A Stanstead Visitor Leaves a Handwritten Note at Richford Public Library
A resident of Stanstead crossed into Vermont on Thursday afternoon to pin a handwritten note in French to the corkboard at Richford Public Library. Library staffer Colette Aubin-Roy was at the desk when she arrived.
RICHFORD, Vermont — There is a field road between Stanstead and Derby Line that, depending on who you ask, belongs to neither side. On Thursday afternoon, a woman who knows it well drove along it, crossed into Vermont, parked outside the Richford Public Library, and went inside to leave a note.
Colette Aubin-Roy was at the circulation desk. She said the visit was short and without ceremony.
“She came in, she found the board, she read what was already there for a moment,” Aubin-Roy said. “Then she took out the note and pinned it herself, on the second panel. She didn’t ask where to put it. She already knew.”

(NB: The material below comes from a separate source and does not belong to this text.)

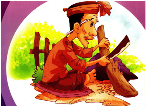 Hoàn cảnh người thợ mộc: người thợ mộc dốc hết vốn trong nhà ra để mua gôc để làm nghề đẽo cày. Cửa hành anh ta ở lề đường và có nhiều người thường ghé vào xem anh ta đẽo cày.

The note is handwritten in French, the lettering small and deliberate. It does not name a program, a project, or an occasion. What it names is the road — a specific stretch of it, by the description the author uses — and says that it “belongs to both sides and neither one.”
Aubin-Roy left it on the second panel without annotation. It sits there now, between a hand-drawn map of the Wild Branch watershed and a photocopied excerpt from a 2039 town meeting transcript.
The visitor, who gave her name to Aubin-Roy but did not ask to be identified further, was back in her car within fifteen minutes — well before the library's six o’clock closing.